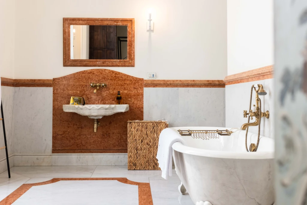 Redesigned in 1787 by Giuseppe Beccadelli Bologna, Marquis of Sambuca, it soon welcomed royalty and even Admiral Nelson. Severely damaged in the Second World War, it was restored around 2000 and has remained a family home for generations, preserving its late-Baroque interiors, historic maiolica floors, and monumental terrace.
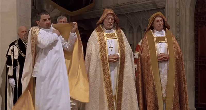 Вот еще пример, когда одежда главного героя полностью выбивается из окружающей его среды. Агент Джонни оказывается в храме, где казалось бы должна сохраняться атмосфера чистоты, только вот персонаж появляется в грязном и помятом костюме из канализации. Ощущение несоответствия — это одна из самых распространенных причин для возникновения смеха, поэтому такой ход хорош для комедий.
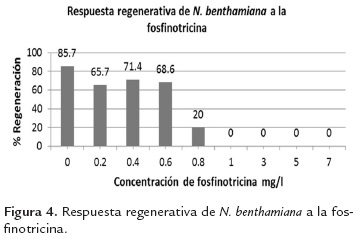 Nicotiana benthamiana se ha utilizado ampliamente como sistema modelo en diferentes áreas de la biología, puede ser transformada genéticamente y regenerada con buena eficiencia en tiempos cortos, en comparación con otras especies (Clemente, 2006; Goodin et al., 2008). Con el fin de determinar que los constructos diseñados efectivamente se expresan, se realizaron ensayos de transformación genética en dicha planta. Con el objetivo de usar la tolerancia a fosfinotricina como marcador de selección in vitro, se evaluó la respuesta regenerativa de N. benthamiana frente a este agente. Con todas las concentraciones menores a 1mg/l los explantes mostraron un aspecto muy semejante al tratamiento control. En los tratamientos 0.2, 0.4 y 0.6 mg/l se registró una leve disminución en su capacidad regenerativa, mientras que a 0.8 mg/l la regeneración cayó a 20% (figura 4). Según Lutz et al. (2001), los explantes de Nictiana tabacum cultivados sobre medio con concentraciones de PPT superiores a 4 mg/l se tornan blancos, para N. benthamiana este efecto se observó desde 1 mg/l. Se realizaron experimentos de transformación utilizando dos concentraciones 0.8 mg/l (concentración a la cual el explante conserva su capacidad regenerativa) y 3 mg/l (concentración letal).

DESCRIPTION OF THE TASK
May I have only the lines from the start of the data through the line containing "Вот еще пример, когда", both included, reproduced exactly and without the pictures?

ANSWER
 Redesigned in 1787 by Giuseppe Beccadelli Bologna, Marquis of Sambuca, it soon welcomed royalty and even Admiral Nelson. Severely damaged in the Second World War, it was restored around 2000 and has remained a family home for generations, preserving its late-Baroque interiors, historic maiolica floors, and monumental terrace.
 Вот еще пример, когда одежда главного героя полностью выбивается из окружающей его среды. Агент Джонни оказывается в храме, где казалось бы должна сохраняться атмосфера чистоты, только вот персонаж появляется в грязном и помятом костюме из канализации. Ощущение несоответствия — это одна из самых распространенных причин для возникновения смеха, поэтому такой ход хорош для комедий.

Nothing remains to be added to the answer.